Ridesharing service Via is another interesting example. Founded by Israeli entrepreneurs in 2012, the company developed an algorithm that matches multiple passengers traveling in the same direction in real time, with vehicles picking up customers at a pre-arranged collection point set according to traffic conditions and demand. Via has been operating successfully in the US and in Europe, and just recently made its debut in Tel Aviv – with some caveats. Under the name “Bubble,” the service operates as part of a collaboration with public transport company Dan and has to stick to regulations: no service on weekends (Friday sundown to Saturday) or between 10 p.m. and 6 a.m. on workdays.
Exit strategy
Israel’s tiny market and its unique political-regulatory environment have led emerging Israeli startups and companies to seek exits sooner rather than later. In 2018, Israeli companies exited for $12.63 billion in 103 deals. A majority (78 percent) of buyers were American, up from 43 percent in 2017. Acquisitions from Israeli buyers decreased sharply from 38 transactions in 2017 to 21 in 2018.

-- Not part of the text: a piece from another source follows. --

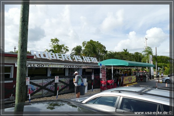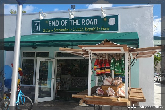 Weil wir gerade so schoen beim Fotografieren von Schildern sind, fahren wir als naechstes gleich einen weiteren Punkt an, den wir bisher allerdings noch nie auf dem Schirm hatten. Sabrina hat im "End of the road"-Souvenir Shop am Mile Marker 0 etwas entdeckt, was wir bisher doch glatt immer uebersehen haben. Der Shop ist uebrigens richtig nett und hat jede Menge tolle Mitbringsel. Als Souvenirjaeger ein MUSS... |

Whether the exit strategy is a good or a bad thing is often heavily debated, and Levy from Startup Nation Central sees both the pros and cons of this development.
“As often – it’s complicated,” he says. “Alongside ‘exits,’ we would like to see more Israeli companies grow in Israel as independent, Israeli-based companies. This is happening gradually as the local ecosystem matures, and multinationals are now coming to Israel not only as investors but also as customers of Israeli startups. Multinationals with open innovation activities in Israel are critical for the growth of Israeli startups,” he tells NoCamels.
“Smart-Up” Nation
For a long time, Israel’s economy has remained relatively isolated from global supply chains and competition. But since products and services worldwide are being digitized and automized, Israel is no longer a so-called island, the Israel Innovation Authority said in its report. In addition, the supply of products from distant locations is becoming more inexpensive and efficient with the transformation of logistics and delivery systems, which makes local businesses and retailers increasingly vulnerable to global competitors. (As seen in the local reaction to the news that Amazon was making its first move into the Israeli market).

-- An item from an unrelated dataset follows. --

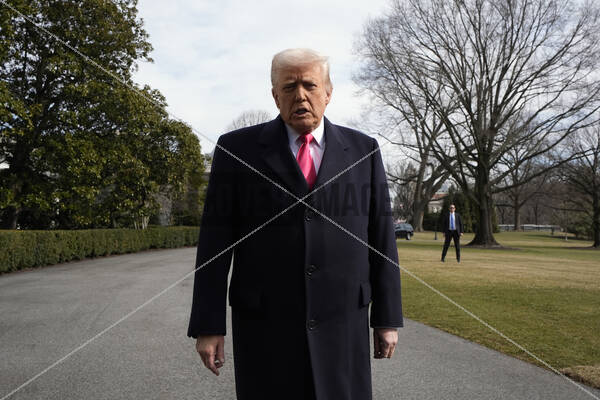 United States President Donald Trump talks to reporters on the South Lawn of the White House before his departure to deliver remarks at CPAC

The IIA’s report also highlights that “the penetration of innovative technologies in highly regulated, ‘local’ fields, such as transportation and finance, is changing the rules of their usage. In particular, innovative, fast-moving startups are quickly becoming potential contenders for banks, credit card companies, and public transportation providers worldwide. Ultimately, it will become impossible, and undesirable, to halt their penetration to local operations in Israel.”

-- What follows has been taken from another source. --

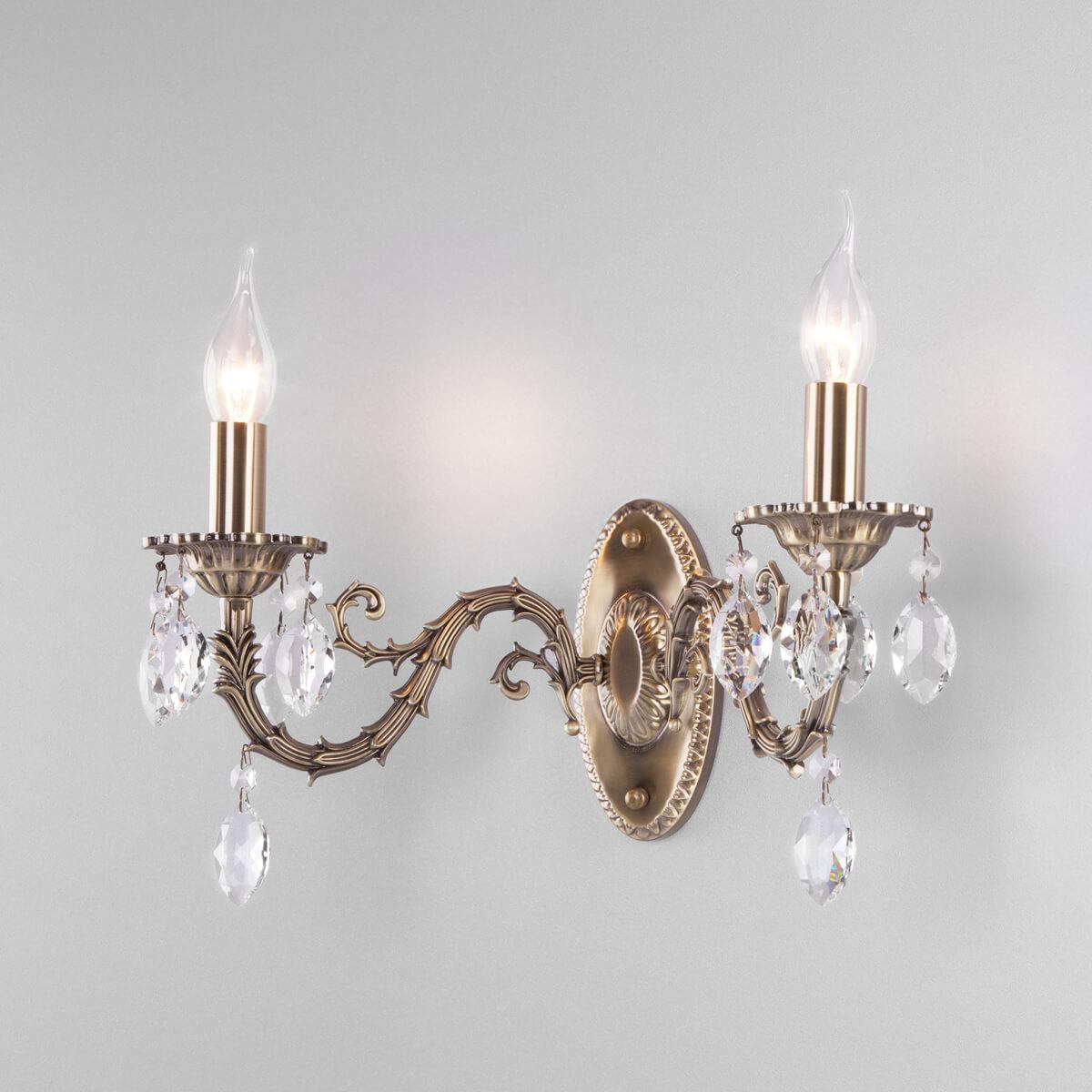 Светильник настенный Eurosvet 10102/2 античная бронза/прозрачный хрусталь Strotskis

The Israel Innovation Authority has warned of long-term consequences if Israel does not advance at a quicker pace from a “startup nation to a smart-up nation.”
“Israel is facing a significant challenge on its way to becoming a smart technology economy: the gap must be bridged quickly in order to secure Israel’s future standing among the advanced economies of the world. The duality that has existed thus far between the innovative high-tech sector and the rest of the economy, which has been slow to adopt new technologies, is not sustainable,” the IIA report read.
Start-Up Nation Central seems to have a clear plan of action in mind. It is advocating for (1) friendlier regulation where relevant, (2) helping to connect between startups and customers in Israel first and (3) the government being a facilitator of innovation, for instance in making public databases more accessible.
Levy says SNC it would like to see “more car-sharing rental solutions (Via is a good start), e-commerce (Amazon is a good start) and customer service solutions in banking and insurance (Lemonade is another example of an Israeli scale-up with no commercial activity in Israel).”
The Israel Innovation Authority, meanwhile, believes change will come from the Israeli public and its increased exposure to new standards in other developed countries. This “will increase pressure on regulators to adapt the rules to a new era,” the IIA said in its report.